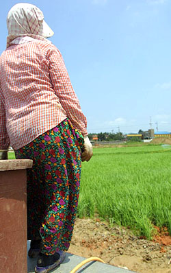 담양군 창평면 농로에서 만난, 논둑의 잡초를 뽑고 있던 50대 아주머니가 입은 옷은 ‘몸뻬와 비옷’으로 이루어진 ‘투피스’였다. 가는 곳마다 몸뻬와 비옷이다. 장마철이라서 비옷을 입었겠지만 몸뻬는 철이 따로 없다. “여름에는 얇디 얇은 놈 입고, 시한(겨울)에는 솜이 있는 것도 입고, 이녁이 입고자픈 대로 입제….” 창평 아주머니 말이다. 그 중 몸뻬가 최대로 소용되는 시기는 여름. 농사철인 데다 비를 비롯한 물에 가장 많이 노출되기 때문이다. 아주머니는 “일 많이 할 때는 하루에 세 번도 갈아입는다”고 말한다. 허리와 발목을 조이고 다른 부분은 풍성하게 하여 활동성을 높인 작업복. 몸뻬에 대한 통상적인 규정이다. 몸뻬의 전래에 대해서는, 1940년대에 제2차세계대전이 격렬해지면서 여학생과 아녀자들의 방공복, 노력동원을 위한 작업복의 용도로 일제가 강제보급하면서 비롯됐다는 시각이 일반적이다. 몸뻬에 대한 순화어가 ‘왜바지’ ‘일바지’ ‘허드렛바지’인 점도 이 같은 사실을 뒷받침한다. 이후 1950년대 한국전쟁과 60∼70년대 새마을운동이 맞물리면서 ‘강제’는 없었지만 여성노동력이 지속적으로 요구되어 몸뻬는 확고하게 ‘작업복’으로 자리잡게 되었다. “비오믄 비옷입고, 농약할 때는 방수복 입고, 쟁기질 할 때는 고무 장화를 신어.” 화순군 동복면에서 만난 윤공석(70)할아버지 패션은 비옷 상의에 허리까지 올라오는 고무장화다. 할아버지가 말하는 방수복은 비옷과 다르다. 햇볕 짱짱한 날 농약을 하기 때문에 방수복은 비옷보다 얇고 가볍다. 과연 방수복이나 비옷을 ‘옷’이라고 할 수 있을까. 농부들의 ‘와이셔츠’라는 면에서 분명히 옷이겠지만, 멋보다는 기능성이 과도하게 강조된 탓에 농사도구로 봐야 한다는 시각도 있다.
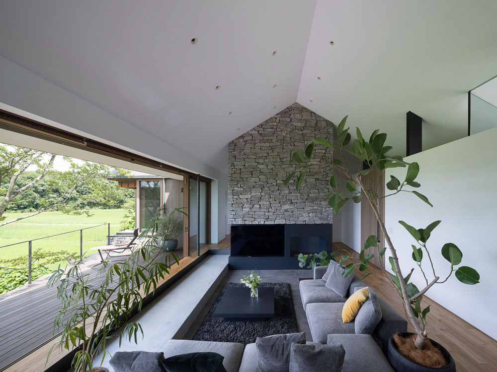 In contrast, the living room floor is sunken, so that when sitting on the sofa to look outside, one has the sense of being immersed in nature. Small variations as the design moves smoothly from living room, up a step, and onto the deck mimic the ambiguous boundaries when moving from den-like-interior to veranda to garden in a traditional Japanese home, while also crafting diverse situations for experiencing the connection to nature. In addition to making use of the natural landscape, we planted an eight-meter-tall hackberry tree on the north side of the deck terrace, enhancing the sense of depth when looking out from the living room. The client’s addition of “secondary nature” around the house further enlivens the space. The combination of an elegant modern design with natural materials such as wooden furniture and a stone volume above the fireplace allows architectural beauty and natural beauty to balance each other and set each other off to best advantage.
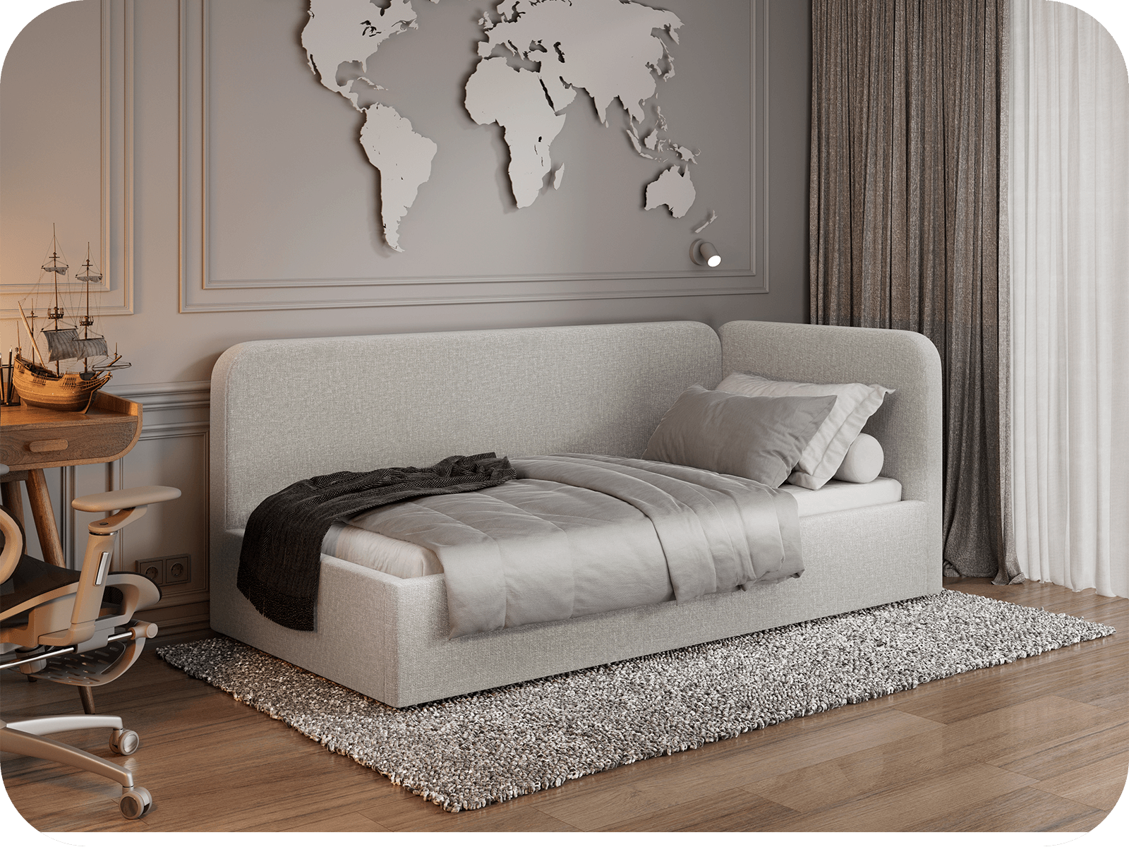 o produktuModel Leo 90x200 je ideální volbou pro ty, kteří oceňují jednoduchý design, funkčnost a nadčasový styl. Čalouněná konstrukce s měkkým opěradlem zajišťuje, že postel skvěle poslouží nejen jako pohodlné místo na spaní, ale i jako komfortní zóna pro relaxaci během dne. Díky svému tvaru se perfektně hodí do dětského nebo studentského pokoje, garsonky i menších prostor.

==

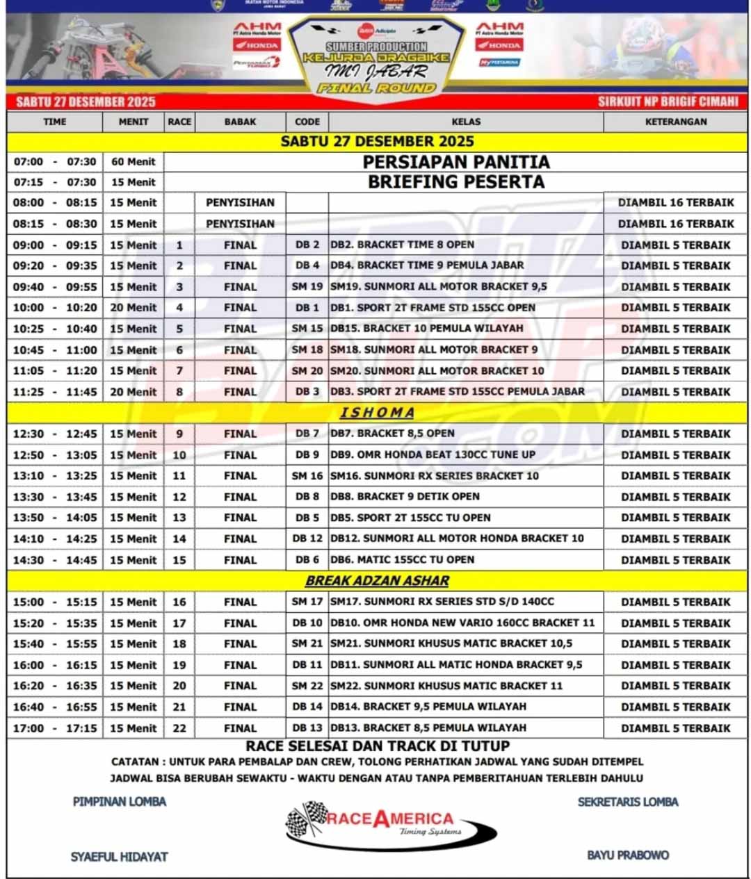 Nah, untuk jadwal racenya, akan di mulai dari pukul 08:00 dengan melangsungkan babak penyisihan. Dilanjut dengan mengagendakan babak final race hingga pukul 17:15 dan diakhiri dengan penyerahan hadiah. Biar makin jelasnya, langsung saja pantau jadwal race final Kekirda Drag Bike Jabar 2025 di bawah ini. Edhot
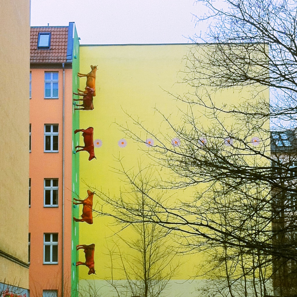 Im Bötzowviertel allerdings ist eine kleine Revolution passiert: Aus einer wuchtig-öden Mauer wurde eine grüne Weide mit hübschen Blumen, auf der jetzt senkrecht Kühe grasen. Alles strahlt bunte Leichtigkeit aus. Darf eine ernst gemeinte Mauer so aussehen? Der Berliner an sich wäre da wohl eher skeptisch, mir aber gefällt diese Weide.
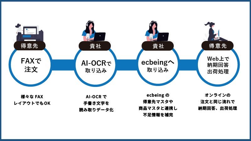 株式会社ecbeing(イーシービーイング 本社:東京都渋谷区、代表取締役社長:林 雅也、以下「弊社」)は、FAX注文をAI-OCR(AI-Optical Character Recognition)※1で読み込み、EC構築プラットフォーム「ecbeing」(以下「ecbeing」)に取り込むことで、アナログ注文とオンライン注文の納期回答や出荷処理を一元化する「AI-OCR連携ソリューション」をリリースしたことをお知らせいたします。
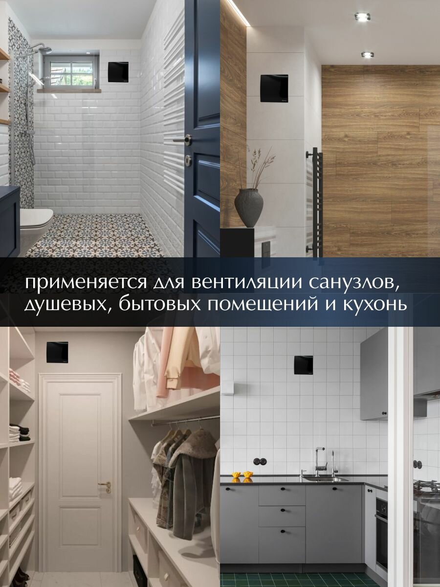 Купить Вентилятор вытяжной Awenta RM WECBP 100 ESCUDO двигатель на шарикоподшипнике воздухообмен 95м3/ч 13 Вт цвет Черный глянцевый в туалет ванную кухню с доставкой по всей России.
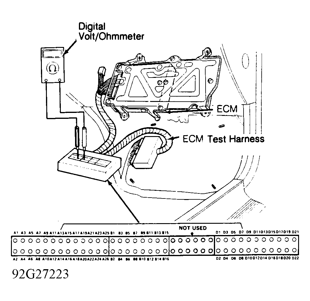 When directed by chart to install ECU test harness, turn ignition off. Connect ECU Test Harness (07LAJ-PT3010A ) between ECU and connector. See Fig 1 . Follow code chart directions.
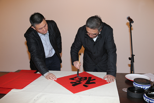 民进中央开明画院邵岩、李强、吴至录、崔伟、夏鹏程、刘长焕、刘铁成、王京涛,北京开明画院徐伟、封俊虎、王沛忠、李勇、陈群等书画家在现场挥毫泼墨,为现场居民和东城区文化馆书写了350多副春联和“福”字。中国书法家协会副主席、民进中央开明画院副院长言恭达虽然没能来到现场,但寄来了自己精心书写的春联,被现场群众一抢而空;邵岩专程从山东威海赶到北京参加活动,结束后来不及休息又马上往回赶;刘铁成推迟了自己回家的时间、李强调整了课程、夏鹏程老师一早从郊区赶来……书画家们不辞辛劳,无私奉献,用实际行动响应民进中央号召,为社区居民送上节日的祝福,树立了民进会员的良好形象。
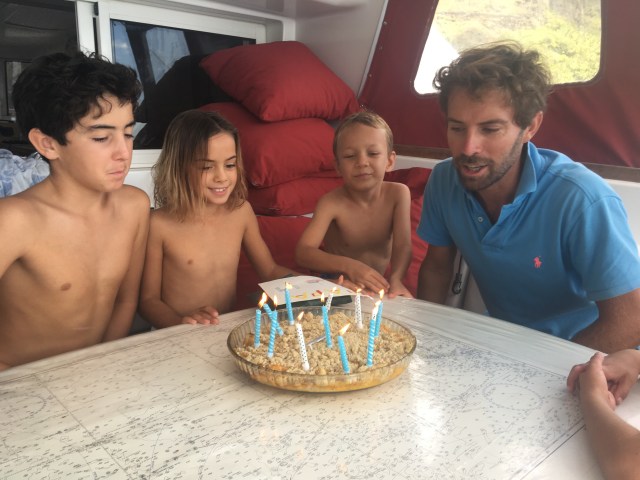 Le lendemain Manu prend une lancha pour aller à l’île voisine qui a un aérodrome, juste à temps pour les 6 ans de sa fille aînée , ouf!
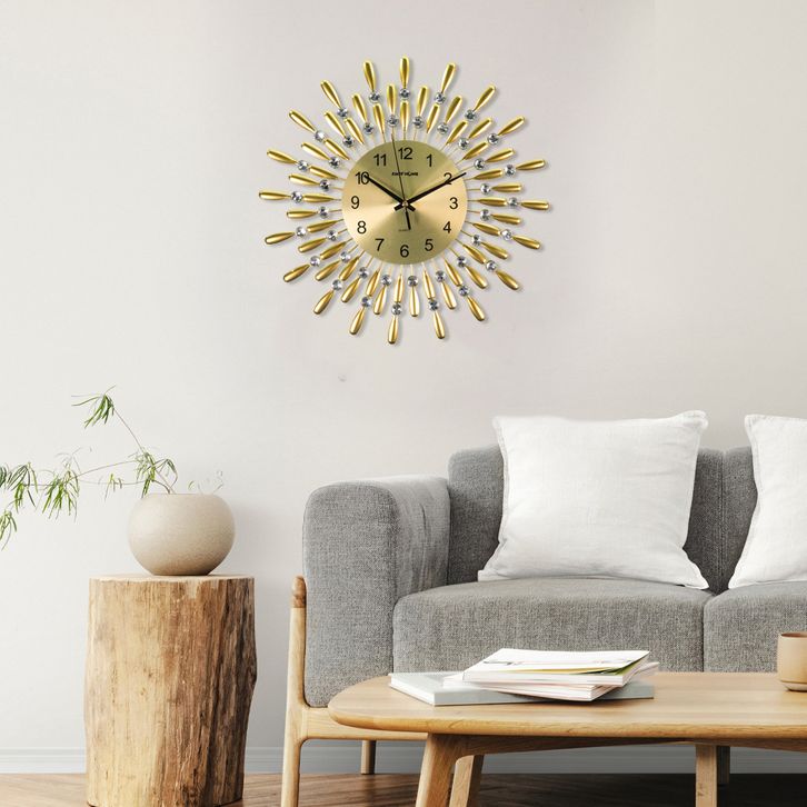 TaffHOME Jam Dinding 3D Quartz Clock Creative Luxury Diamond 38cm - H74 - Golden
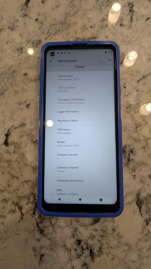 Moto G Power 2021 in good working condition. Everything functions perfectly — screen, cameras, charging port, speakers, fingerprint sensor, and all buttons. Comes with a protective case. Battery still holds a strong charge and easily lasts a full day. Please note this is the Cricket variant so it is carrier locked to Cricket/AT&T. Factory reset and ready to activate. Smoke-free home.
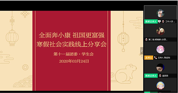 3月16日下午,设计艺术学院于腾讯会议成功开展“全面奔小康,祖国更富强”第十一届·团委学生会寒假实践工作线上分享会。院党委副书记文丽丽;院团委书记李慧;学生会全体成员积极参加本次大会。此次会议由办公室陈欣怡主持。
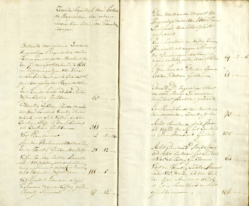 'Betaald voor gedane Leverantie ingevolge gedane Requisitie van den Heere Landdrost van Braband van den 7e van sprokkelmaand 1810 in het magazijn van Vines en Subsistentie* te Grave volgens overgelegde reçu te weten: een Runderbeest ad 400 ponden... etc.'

Task prompt: What's needed is an exact copy of the records above from the line containing "담양군 창평면 농로에서" down to the line containing "In contrast, the", both included, without any pictures.

Exercise result:
 담양군 창평면 농로에서 만난, 논둑의 잡초를 뽑고 있던 50대 아주머니가 입은 옷은 ‘몸뻬와 비옷’으로 이루어진 ‘투피스’였다. 가는 곳마다 몸뻬와 비옷이다. 장마철이라서 비옷을 입었겠지만 몸뻬는 철이 따로 없다. “여름에는 얇디 얇은 놈 입고, 시한(겨울)에는 솜이 있는 것도 입고, 이녁이 입고자픈 대로 입제….” 창평 아주머니 말이다. 그 중 몸뻬가 최대로 소용되는 시기는 여름. 농사철인 데다 비를 비롯한 물에 가장 많이 노출되기 때문이다. 아주머니는 “일 많이 할 때는 하루에 세 번도 갈아입는다”고 말한다. 허리와 발목을 조이고 다른 부분은 풍성하게 하여 활동성을 높인 작업복. 몸뻬에 대한 통상적인 규정이다. 몸뻬의 전래에 대해서는, 1940년대에 제2차세계대전이 격렬해지면서 여학생과 아녀자들의 방공복, 노력동원을 위한 작업복의 용도로 일제가 강제보급하면서 비롯됐다는 시각이 일반적이다. 몸뻬에 대한 순화어가 ‘왜바지’ ‘일바지’ ‘허드렛바지’인 점도 이 같은 사실을 뒷받침한다. 이후 1950년대 한국전쟁과 60∼70년대 새마을운동이 맞물리면서 ‘강제’는 없었지만 여성노동력이 지속적으로 요구되어 몸뻬는 확고하게 ‘작업복’으로 자리잡게 되었다. “비오믄 비옷입고, 농약할 때는 방수복 입고, 쟁기질 할 때는 고무 장화를 신어.” 화순군 동복면에서 만난 윤공석(70)할아버지 패션은 비옷 상의에 허리까지 올라오는 고무장화다. 할아버지가 말하는 방수복은 비옷과 다르다. 햇볕 짱짱한 날 농약을 하기 때문에 방수복은 비옷보다 얇고 가볍다. 과연 방수복이나 비옷을 ‘옷’이라고 할 수 있을까. 농부들의 ‘와이셔츠’라는 면에서 분명히 옷이겠지만, 멋보다는 기능성이 과도하게 강조된 탓에 농사도구로 봐야 한다는 시각도 있다.
 In contrast, the living room floor is sunken, so that when sitting on the sofa to look outside, one has the sense of being immersed in nature. Small variations as the design moves smoothly from living room, up a step, and onto the deck mimic the ambiguous boundaries when moving from den-like-interior to veranda to garden in a traditional Japanese home, while also crafting diverse situations for experiencing the connection to nature. In addition to making use of the natural landscape, we planted an eight-meter-tall hackberry tree on the north side of the deck terrace, enhancing the sense of depth when looking out from the living room. The client’s addition of “secondary nature” around the house further enlivens the space. The combination of an elegant modern design with natural materials such as wooden furniture and a stone volume above the fireplace allows architectural beauty and natural beauty to balance each other and set each other off to best advantage.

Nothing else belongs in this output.